7. Alternative sports for soccer players suffering from heel pain

Those who need to take a break from their soccer playing due to their Achilles tendon complaints can keep up their fitness level and continue strength training with other sporting activities:

  • cycling: a good alternative for endurance, but please see the information in the ‘Achilles tendon and cycling’ section;
  • swimming: although it obviously works out different muscle groups from running, it also gives your circulatory system and breathing a workout – however, it should not necessarily be recommended to soccer players as swimming makes your ‘sprint muscles’ slower;
  • weights room: a good opportunity to give the core muscles required for running a workout. What’s more, other muscles needed for running such as the front and rear thigh muscles and hip muscles (particularly the smaller gluteus medius for hip stabilization) can of course also be trained;
  • relaxed running: if this can be done pain free! At all events, avoid sprints, changes of direction and jumps.

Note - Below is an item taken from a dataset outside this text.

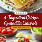 A simple and flavorful 4-Ingredient Chicken Quesadilla Casserole that layers tender cooked chicken, salsa, cheese, and flour tortillas baked to cheesy perfection. This quick and easy casserole is perfect for a weeknight dinner and can be customized with your favorite toppings for a delicious Tex-Mex meal.

8. Resuming play after heel pain or Achilles tendon complaints

According to the diagnosis and ensuing treatment, you will presumably be able to resume training in the form of running soon. However, you will not be able to play matches again until the Achilles tendon is completely healed.

The healing of the Achilles tendon must be your priority and not your next training session or match, even if an ascent or descent depends on it! Depending on the healing phase, continue with stretching exercises or running to put the tendon under load, but in moderation. Be honest with yourself and pay attention to the pain, because an incorrectly healed Achilles tendon can cause problems for the rest of your life.